*What the exercise asks*. Copy the listing below exactly. Pictures stay out of it.

[Dataset section Boundary: Start]

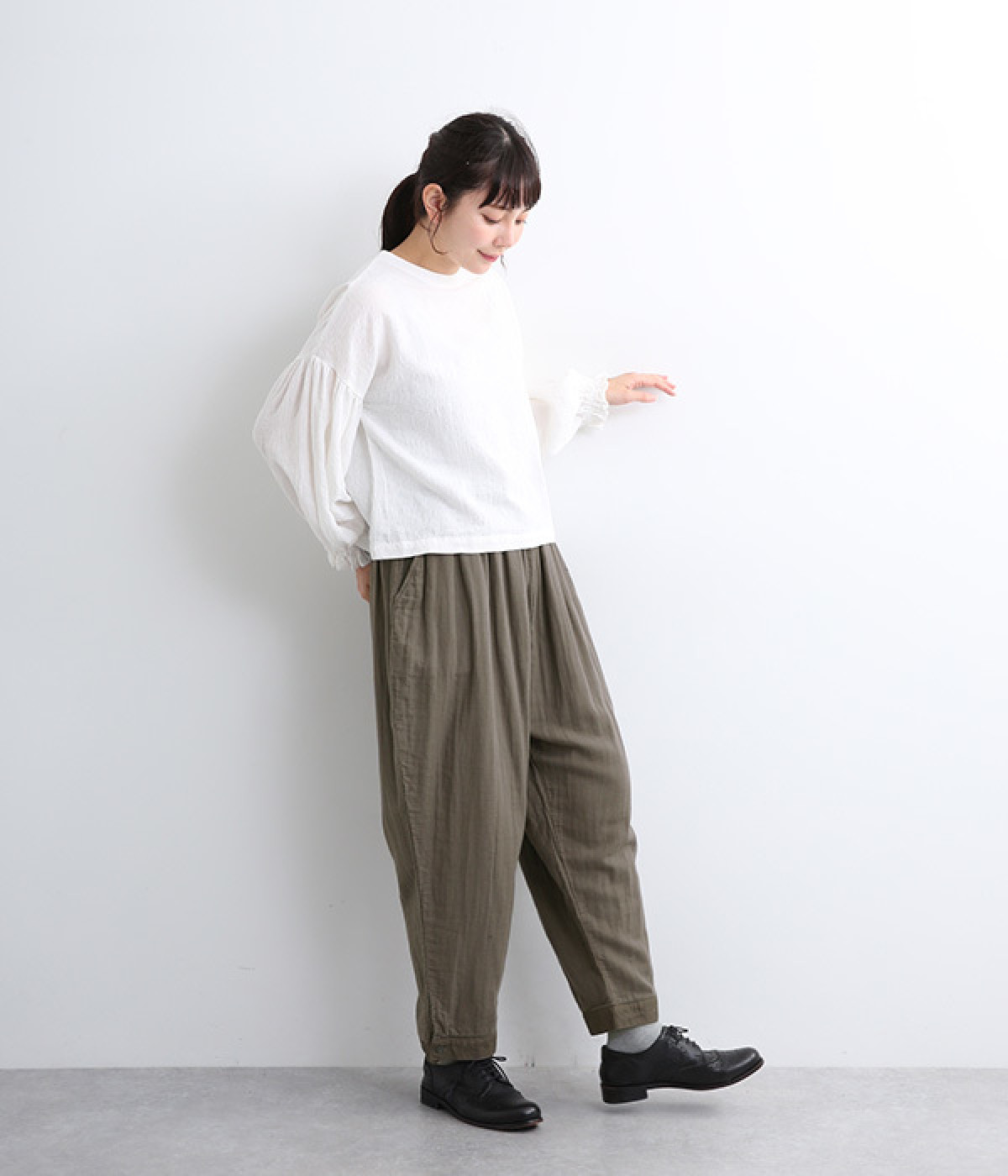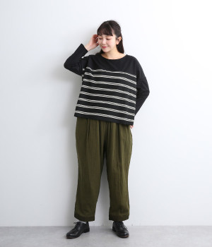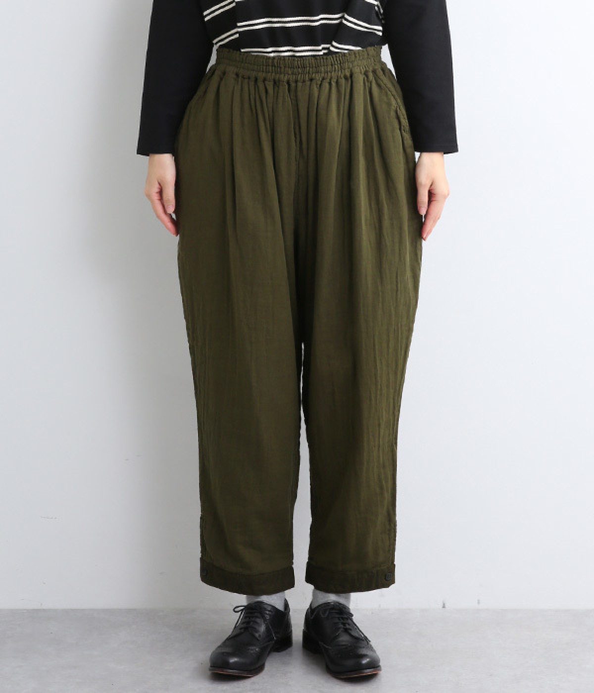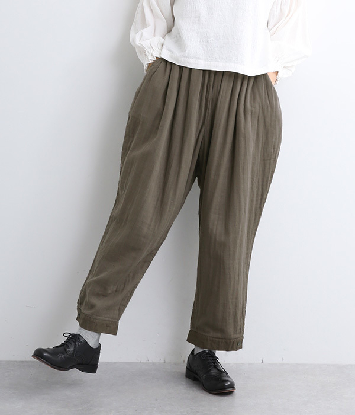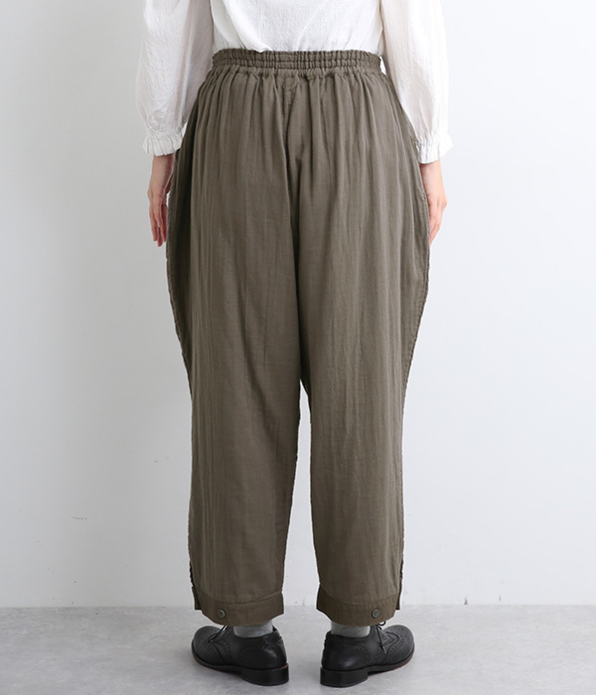 腰まわりのドレープが生むやわらかなフォルムではき心地快適に
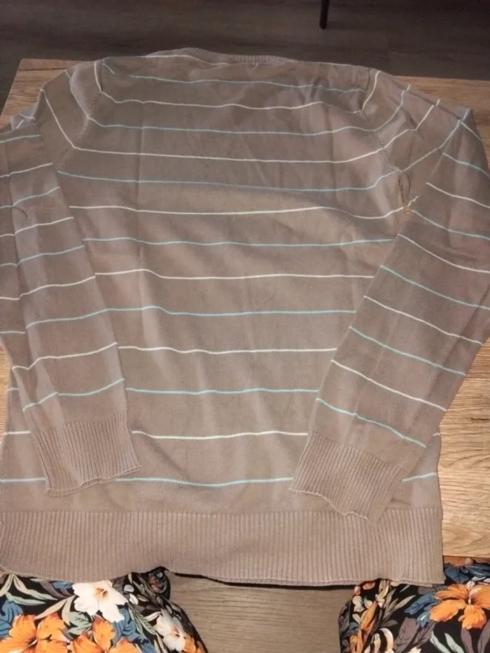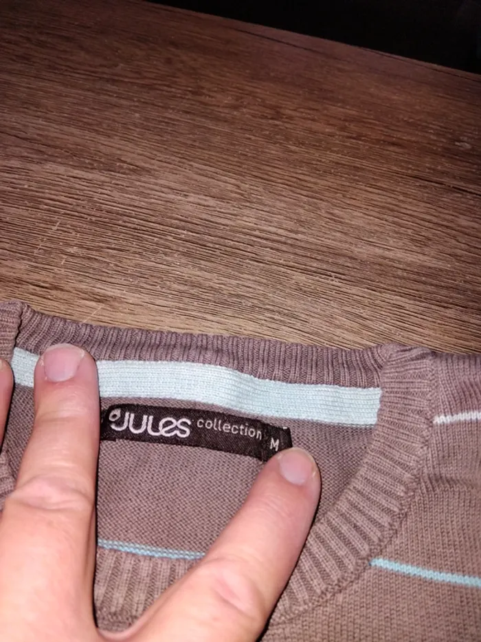 Bonjour, je vends ce pull fin gris et turquoise de la marque Jules taille M en très bon état. Lavé maison non fumeur.
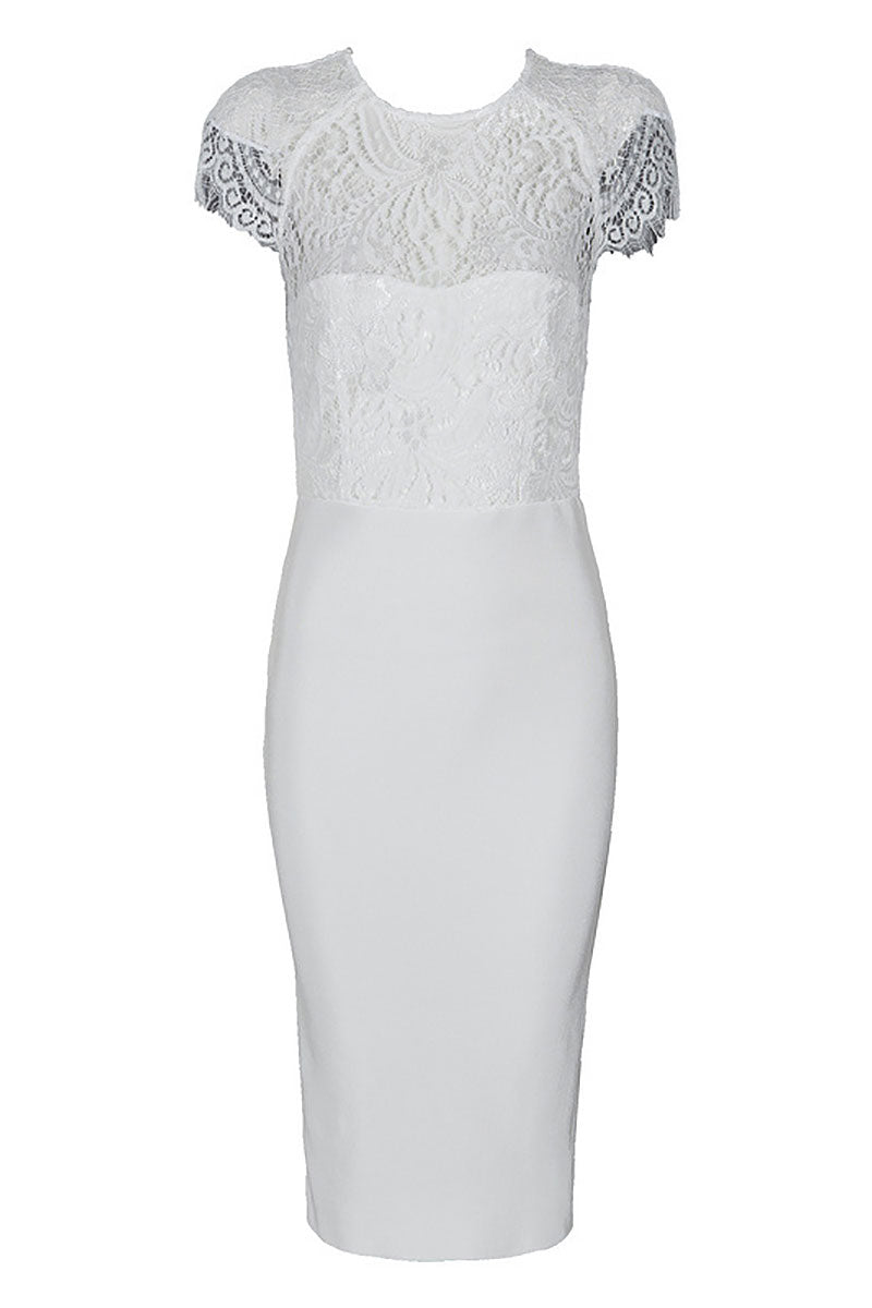 White Cap Sleeves Lace Bodycon Dress For Prom.

[Dataset section Boundary: End]

*Result of the task*.
 腰まわりのドレープが生むやわらかなフォルムではき心地快適に
 Bonjour, je vends ce pull fin gris et turquoise de la marque Jules taille M en très bon état. Lavé maison non fumeur.
 White Cap Sleeves Lace Bodycon Dress For Prom.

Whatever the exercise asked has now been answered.